Cowen makes the case that the company’s Permian Basin assets are a goldmine and that the Australian LNG business will transition from a yearly $8 billion capital consumption drag to being a $2 billion to $3 billion contributor. Combined with the much lower overall capital spending for the 2016 to 2018 period, the company is poised to not only hang around, but end the sector slump in a much better position.
Chevron investors receive a hefty 4.75% dividend. The Cowen price target for the shares is $122 The Thomson/First Call consensus target is $99.55. Shares closed trading on Monday at $90.36.
ConocoPhillips
This may offer investors among the best total return possibilities for 2016 and is a member Merrill Lynch US 1 list. ConocoPhillips (NYSE: COP) is the self-described world’s largest independent exploration and production company, based on production and proved reserves. Headquartered in Houston, ConocoPhillips has operations and activities in 25 countries and has spent the past five years divesting assets. Although it is cash rich, the company has somewhat dampened earnings and growth expectations all year long.
Many Wall Street analysts feel Conoco can accelerate growth from reloaded portfolio depth in the Bakken and Eagle Ford, with visibility on future growth from a newly disclosed sizable position in the Permian. The company lowered its 2015 spending target in response to the lingering slump in crude prices.

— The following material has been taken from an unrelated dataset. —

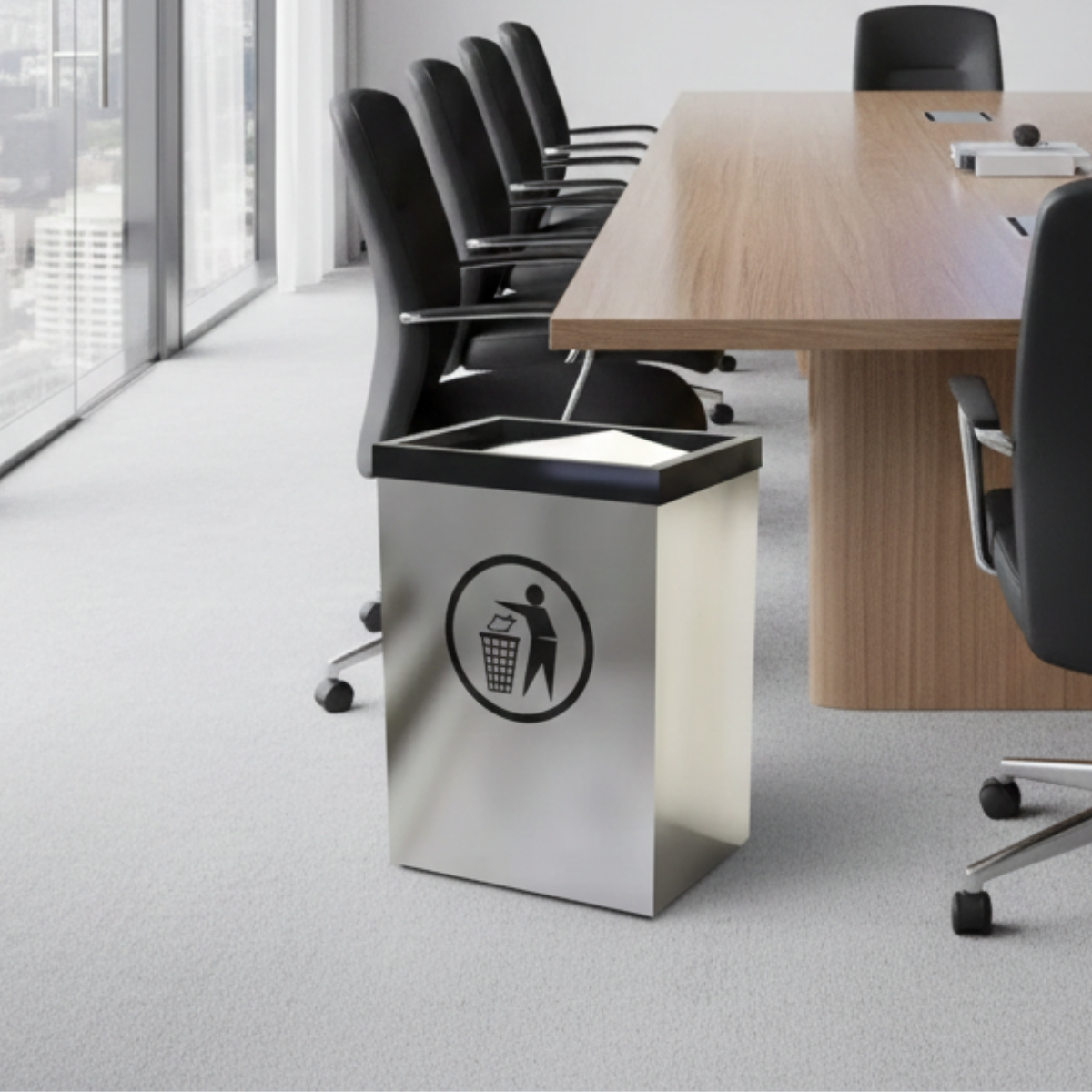 Mantén limpios los espacios con este contenedor, elegante y apto para oficinas, plazas comerciales, cines, etc.

Chairman and CEO Ryan Lance said recently that Conoco expects oil prices to start to move higher late next year, but it is significantly reducing capital and operating costs, while maintaining its commitment to safety and asset integrity. He also said the company retains the flexibility to adjust capital spending in response to market factors. The 2016 capital budget was announced recently at $7.7 billion. Merrill Lynch feels that with the capital spending below $8 billion and additional asset sales that the dividend should remain safe, a key reason for investors to consider the stock.

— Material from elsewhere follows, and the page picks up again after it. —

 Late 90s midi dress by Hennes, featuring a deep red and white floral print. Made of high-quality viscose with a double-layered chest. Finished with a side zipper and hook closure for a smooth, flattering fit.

Investors are paid a very strong 6.24% dividend. The Merrill Lynch price target is a whopping $77. The consensus target is much lower at $60.95. Conoco closed Monday at $47.19 per share.
Exxon Mobil
This company is one of Merrill Lynch’s top picks for 2016. The Merrill Lynch analysts are very positive on Exxon Mobil Corp. (NYSE: XOM) long term as the overall corporate strength of the massive integrated giant plays a significant part in the company’s usually solid earnings reporting pattern.
The company’s global downstream chemical segment plays a huge part for Exxon. It may be a part that many others on Wall Street don’t fully appreciate as the segment contributes an estimated 16% of overall total revenue. Some very solid reasons for adding the stock to a long-term growth portfolio are that the company consistently has demonstrated disciplined investing, operational excellence and technological innovation.

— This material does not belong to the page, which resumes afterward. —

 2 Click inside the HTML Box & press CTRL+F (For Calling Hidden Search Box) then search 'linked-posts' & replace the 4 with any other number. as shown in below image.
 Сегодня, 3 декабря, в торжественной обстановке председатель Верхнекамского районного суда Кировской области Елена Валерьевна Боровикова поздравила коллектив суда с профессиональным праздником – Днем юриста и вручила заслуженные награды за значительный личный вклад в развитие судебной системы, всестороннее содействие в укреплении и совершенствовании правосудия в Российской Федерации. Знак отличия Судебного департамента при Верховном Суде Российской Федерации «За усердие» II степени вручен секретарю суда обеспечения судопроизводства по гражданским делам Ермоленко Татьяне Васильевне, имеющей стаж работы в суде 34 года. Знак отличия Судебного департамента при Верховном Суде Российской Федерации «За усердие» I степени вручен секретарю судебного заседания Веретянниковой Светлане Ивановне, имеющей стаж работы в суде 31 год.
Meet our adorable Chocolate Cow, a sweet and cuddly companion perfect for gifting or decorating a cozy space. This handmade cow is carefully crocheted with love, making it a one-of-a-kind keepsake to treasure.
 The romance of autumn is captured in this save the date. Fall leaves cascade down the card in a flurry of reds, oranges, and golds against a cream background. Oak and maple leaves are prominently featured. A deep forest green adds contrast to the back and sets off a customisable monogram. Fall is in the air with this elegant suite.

The company recently appointed the head of its refining business as its new president, which makes him the probable successor to CEO Rex Tillerson, a move that was designed to avoid raising eyebrows on Wall Street. The new president, Darren Woods, is a 23-year company veteran who should keep the Goliath on the steady path for growth and progress.
Exxon investors receive a 3.72% dividend. The Merrill Lynch target price is $100. The consensus price objective is lower at $83.52. Shares closed Monday at $78.74, down almost 15% for the year.